To be very clear, this is not my code, it's from Pretty-Print XML in Java.

And also to be clear: I'm not gonna be doing anything unique or difficult or insightful or anything like that in this article. All I'm gonna do is to show how easy it is to convert native Java code to native CFML code, and this is a topical use case. It's gonna be a function with some object creation and some variable assigments. I'm gonna go line-by-line through that function above, and CFMLerise it. I just made that word up.

I'm gonna be using trycf.com to write and run this code, and the aim is to have a version that runs in both CF and Lucee.

First, let's run with the same function signature:

unformattedXml = '<aaa><bbb ccc="ddd"><eee/></bbb></aaa>' 

public string function prettyPrintByTransformer(required string xmlString, numeric indent=4, boolean ignoreDeclaration=true) {

}

prettyPrintByTransformer(unformattedXml)

In each step I'll be using that same unformattedXml input value, and just running the function to ensure it's got no compilation errors and each new statement I add "works" (in that it doesn't have runtime errors). The function won't do anything useful until it's done.

In this first step note that I've given the latter two parameters sensible defaults. This is a change from the Java version.

First things first: I don't like how they've put that largely pointless try/catch in the Java code. To me that sort of error-handling should be in the calling code if needed, not embedded in the implementation. If the implementation errors-out: let it. The actual exception will be more useful than swallowing the real exception and throwing a contrived one.

I'll include each statement I'm converting as a comment above the CFML version. This is only so I can draw your focus to it.
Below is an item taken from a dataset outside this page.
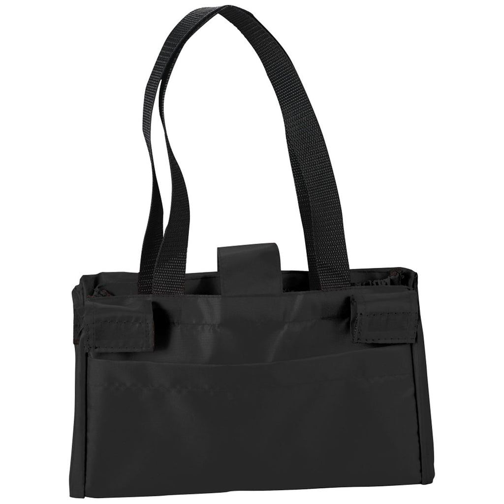 Stay safer with the custom logo Bullet Black Over The Cart Grocery Tote. This tote features durable plastic side bars with an elastic top that stretches to fit over most grocery carts to keep you protected from germs. Simply fill your tote with groceries, pay and go. The tote can be lifted out of the cart with its durable carry handles. An open slash pocket is perfect for coupons and personal belongings as you shop. The nylon material is easy to wipe down and a Velcro top flap helps fold up the tote when not in use. Great as an event giveaway or to sell at a trade show with your custom logo. Place an order today.The minimum order for this product is 100 pieces.

I'd never include comments of this nature in my actual code.

public string function prettyPrintByTransformer(required string xmlString, numeric indent=4, boolean ignoreDeclaration=true) {
    // InputSource src = new InputSource(new StringReader(xmlString));
    var xmlAsStringReader = createObject("java", "java.io.StringReader").init(xmlString) // new StringReader(xmlString)
    var src = createObject("java", "org.xml.sax.InputSource").init(xmlAsStringReader)
}

I could have done this without the intermediary variable, but CFML is quite cumbersome making Java object proxies, so I think the code is clearer spread over two statements.

    // Document document = DocumentBuilderFactory.newInstance().newDocumentBuilder().parse(src);
    var document = createObject("java", "javax.xml.parsers.DocumentBuilderFactory").newInstance().newDocumentBuilder().parse(src)
    // TransformerFactory transformerFactory = TransformerFactory.newInstance();
    var transformerFactory = createObject("java", "javax.xml.transform.TransformerFactory").newInstance()
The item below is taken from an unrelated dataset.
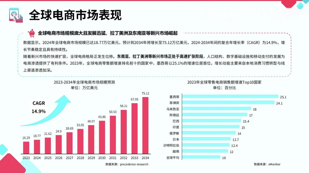 据precedence research数据显示,2024年全球电商市场规模将达18.77万亿美元,预计到2034年增长至75.12万亿美元,未来十年复合年均增长率(CAGR)达14.9%。相比北美与欧洲的增速趋缓,新一轮增长更集中于拉丁美洲、东南亚等新兴市场。

Now: this statement did not work for me:

transformerFactory.setAttribute("indent-number", indent);

The CFML equivalent is exactly the same as it happens, but I was just getting "Not supported: indent-number" (CF) or "TransformerFactory does not recognise attribute 'indent-number'." (Lucee). I presume it's a library version difference, but I was fairly limited in my troubleshooting as I was running this on trycf.com. Although I did verify I was getting the same thing on my local CF2023 container too. I googled a bit and found a work around, but I'll come back to this a bit further down.

    // Transformer transformer = transformerFactory.newTransformer();
    var transformer = transformerFactory.newTransformer()
    /*
        transformer.setOutputProperty(OutputKeys.ENCODING, "UTF-8");
        transformer.setOutputProperty(OutputKeys.OMIT_XML_DECLARATION, ignoreDeclaration ? "yes" : "no");
        transformer.setOutputProperty(OutputKeys.INDENT, "yes");
    */
    var outputKeys = createObject("java", "javax.xml.transform.OutputKeys")
    transformer.setOutputProperty(outputKeys.ENCODING, "UTF-8")
    transformer.setOutputProperty(outputKeys.OMIT_XML_DECLARATION, ignoreDeclaration ? "yes" : "no")
    transformer.setOutputProperty(outputKeys.INDENT, "yes")
    transformer.setOutputProperty("{http://xml.apache.org/xslt}indent-amount", indent)

Once again, I need an intermediary variable here for the outputKeys class proxy. Just to save repetition in this case.

Also note the last line there is extra: it's the solution for the bit that wasn't working earlier. Easy.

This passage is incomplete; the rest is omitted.